- _EXERCISE INSTRUCTIONS_: For the listing below, print exactly the lines from the line with "Półbuty Wsuwane Damskie" to the line with "The drama of", both included, and nothing beyond them.

- _RECORDS PROVIDED_:
--

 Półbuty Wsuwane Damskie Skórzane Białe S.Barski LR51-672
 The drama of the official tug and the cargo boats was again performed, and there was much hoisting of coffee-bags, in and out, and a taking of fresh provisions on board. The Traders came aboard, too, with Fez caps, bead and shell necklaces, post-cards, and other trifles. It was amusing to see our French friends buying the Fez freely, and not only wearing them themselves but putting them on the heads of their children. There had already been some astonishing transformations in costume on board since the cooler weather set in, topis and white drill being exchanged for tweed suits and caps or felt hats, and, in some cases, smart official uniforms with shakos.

--

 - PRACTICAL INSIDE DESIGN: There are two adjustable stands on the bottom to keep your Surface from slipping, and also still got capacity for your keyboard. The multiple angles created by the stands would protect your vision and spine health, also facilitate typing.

--

- _RESPONSE BOX_:
 Półbuty Wsuwane Damskie Skórzane Białe S.Barski LR51-672
 The drama of the official tug and the cargo boats was again performed, and there was much hoisting of coffee-bags, in and out, and a taking of fresh provisions on board. The Traders came aboard, too, with Fez caps, bead and shell necklaces, post-cards, and other trifles. It was amusing to see our French friends buying the Fez freely, and not only wearing them themselves but putting them on the heads of their children. There had already been some astonishing transformations in costume on board since the cooler weather set in, topis and white drill being exchanged for tweed suits and caps or felt hats, and, in some cases, smart official uniforms with shakos.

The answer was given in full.